The Parliamentary Commission on Banking Standards had described Sir James as the "architect of the strategy that set the course for disaster" and held primary responsibility for the collapse along with former chairman Lord Stevenson and fellow chief executive Andy Hornby.

The report blamed the trio's "toxic" misjudgments for the bank's downfall and £20.5bn taxpayer bailout at the height of the financial crisis.

It also said the financial regulator should consider whether the three should ever be allowed to work in the financial sector again.

Sir James said the report made for "very chastening reading".

"Although I stood down as CEO of HBOS in 2006, some three years before it was taken over by Lloyds, I have never sought to disassociate myself from what has happened," he said.

"I would therefore like to repeat today what I said when I appeared in public before the Commission in December; namely that I am deeply sorry for what happened at HBOS."

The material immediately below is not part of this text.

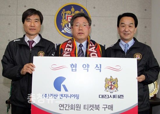 한편 지역건설에 앞장서고 있는 기산엔지니어링도 축구특별시 부활에 힘을 보탰다. 기산 엔지니어링 강도묵 대표이사와 대전시티즌 김윤식 사장은 지난 21일 오후 대전시티즌 사무국에서 티켓북 구매 협약식을 가지고 적극적인 후원을 약속했다.

His decision to forgo 30% of his pension will still leave him with an annual pay-out worth £406,000.

He said he was also standing down from his voluntary position as a trustee of Cancer Research UK with "great personal sadness".

But it is understood he remains a senior independent director at catering giant Compass and also chairman of the car credit company Money Barn.

The Honours Forfeiture Committee is responsible for considering cases where people could be stripped of awards.

It can look at cases where individuals are found guilty of criminal offences, or reprimanded by a regulator. However, it has scope to take into account other factors.